Enhancing the Locality and Breaking the Memory Bottleneck of Transformer on Time Series Forecasting (2020)

Contents

  1. Abstract
  2. Introduction
  3. Background
    1. Problem Definition
    2. Transformer
  4. Methodology
    1. Enhancing the locality of Transformer
    2. Breaking the memory bottleneck of Transformer


0. Abstract

propose to tackle forecasting problem with TRANSFORMER

2 major weakness

  • 1) locality-agnostic
    • insensitive to local context
    • prone to anomalies
  • 2) memory-bottleneck
    • space complexity grows quadratically with sequence length \(L\)

\(\rightarrow\) propose LogSparse Transformer ( ONLY \(O(L(\log L)^2)\) memory cost )


1. Introduction

Transformer : leverages attention mechanism to process a sequence of data ( regardless of distance )

HOWEVER….

  • canonical dot-product self-attention matches queries against keys insensitive to local context
  • space complexity of canonical Transformer grows quadratically with input length \(L\)


Contribution

  • 1) apply Transformer architecture to time series forecasting
  • 2) propose convolutional self-attention, by employing causal convolutions

  • 3) propoes LogSparse Transformer


2. Background

(1) Problem Definition

  • \(N\) related univariate time series \(\left\{\mathbf{z}_{i, 1: t_{0}}\right\}_{i=1}^{N}\)

    ( where \(\mathbf{z}_{i, 1: t_{0}} \triangleq\left[\mathbf{z}_{i, 1}, \mathbf{z}_{i, 2}, \cdots, \mathbf{z}_{i, t_{0}}\right]\) and \(\mathbf{z}_{i, t} \in \mathbb{R}\) : value of time series \(i\) at time \(t^{1}\) )

  • \(\left\{\mathrm{x}_{i, 1: t_{0}+\tau}\right\}_{i=1}^{N}\) : associated time-based covariate vectors

    ( known over entire time )


Goal : predict the next \(\tau\) time steps ( \(\left\{\mathbf{z}_{i, t_{0}+1: t_{0}+\tau}\right\}_{i=1}^{N}\) )

  • \(p\left(\mathbf{z}_{i, t_{0}+1: t_{0}+\tau} \mid \mathbf{z}_{i, 1: t_{0}}, \mathbf{x}_{i, 1: t_{0}+\tau} ; \boldsymbol{\Phi}\right)=\prod_{t=t_{0}+1}^{t_{0}+\tau} p\left(\mathbf{z}_{i, t} \mid \mathbf{z}_{i, 1: t-1}, \mathbf{x}_{i, 1: t} ; \Phi\right)\).

    ( reduce the problem to learning a one-step-ahead prediction )

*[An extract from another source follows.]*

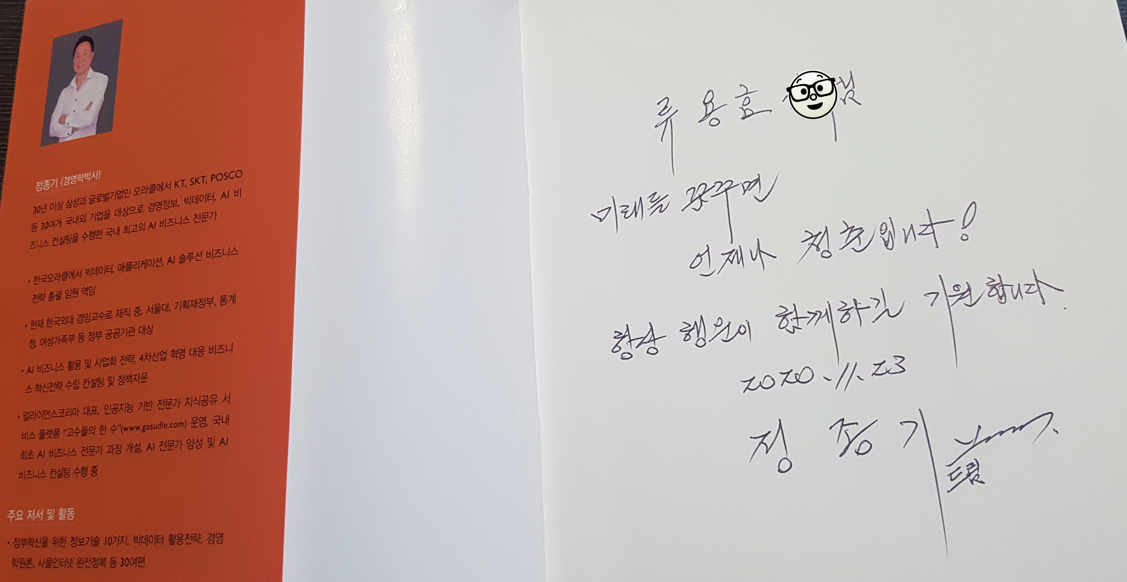 그 동안 비즈니스(사업, 컨설팅), 강연, 칼럼 등을 하시면서 틈틈이 작성한 글들을 모아서 ‘인공지능 완전정복’이라는 책을 출판하셨다. 책의 내용이 궁금했다. 필자가 아는 인공지능의 상식과 책에서 얘기하고 싶은 것들과 비교하고 싶은 욕심도 있었다. 그리고 필자의 프로젝트 100인 라이프맵에 한 분으로 모시고자 냉큼 ‘서평맵을 쓰고자 책을 보내주십사’ 연락을 드렸다. 멋진 친필 글씨와 함께 책이 도착했다.

To use both observation(\(z\)) & covariates(\(x\))

  • concatenate them to obtain an augmented matrix
  • \(\mathbf{y}_{t} \triangleq\left[\mathbf{z}_{t-1} \circ \mathbf{x}_{t}\right] \in \mathbb{R}^{d+1}, \quad \mathbf{Y}_{t}=\left[\mathbf{y}_{1}, \cdots, \mathbf{y}_{t}\right]^{T} \in \mathbb{R}^{t \times(d+1)}\).


Appropriate model \(\mathrm{z}_{t} \sim f\left(\mathbf{Y}_{t}\right)\) :

  • predict the distribution of \(\mathbf{z}_{t}\) given \(\mathbf{Y}_{t}\).
  • \(f\) : TRANSFORMER


(2) Transformer

\(\mathbf{O}_{h}=\operatorname{Attention}\left(\mathbf{Q}_{h}, \mathbf{K}_{h}, \mathbf{V}_{h}\right)=\operatorname{softmax}\left(\frac{\mathbf{Q}_{h} \mathbf{K}_{h}^{T}}{\sqrt{d_{k}}} \cdot \mathbf{M}\right) \mathbf{V}_{h}\).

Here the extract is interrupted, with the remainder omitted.